### [GIVEN RECORDS]
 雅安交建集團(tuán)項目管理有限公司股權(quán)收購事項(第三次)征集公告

* * *

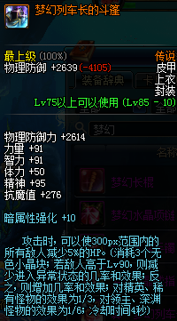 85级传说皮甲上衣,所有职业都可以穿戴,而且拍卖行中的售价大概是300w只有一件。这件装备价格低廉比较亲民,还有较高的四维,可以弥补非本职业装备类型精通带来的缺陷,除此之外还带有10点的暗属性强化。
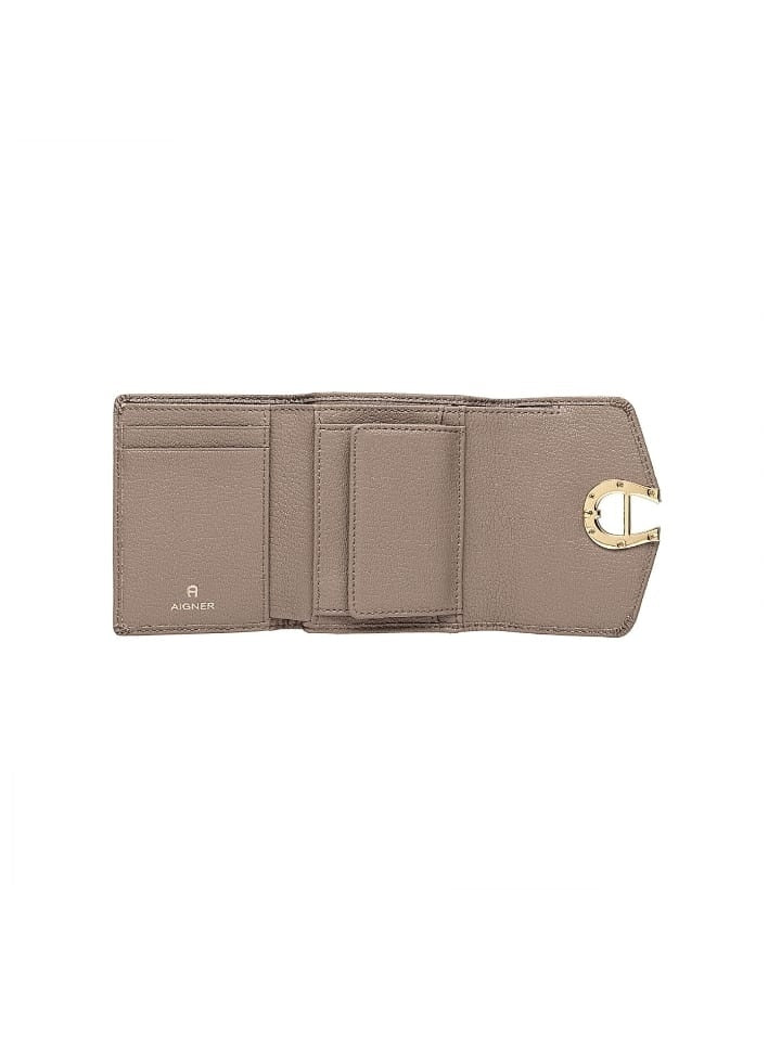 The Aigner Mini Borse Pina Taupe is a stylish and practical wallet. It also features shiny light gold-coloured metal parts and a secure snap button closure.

### [WHAT THIS TASK INVOLVES]
Out of the records above, return only the lines from the one with "85级传说皮甲上衣,所有职业" through the one with "The Aigner Mini", exactly, and none of the pictures.

### [RESPONSE]
 85级传说皮甲上衣,所有职业都可以穿戴,而且拍卖行中的售价大概是300w只有一件。这件装备价格低廉比较亲民,还有较高的四维,可以弥补非本职业装备类型精通带来的缺陷,除此之外还带有10点的暗属性强化。
 The Aigner Mini Borse Pina Taupe is a stylish and practical wallet. It also features shiny light gold-coloured metal parts and a secure snap button closure.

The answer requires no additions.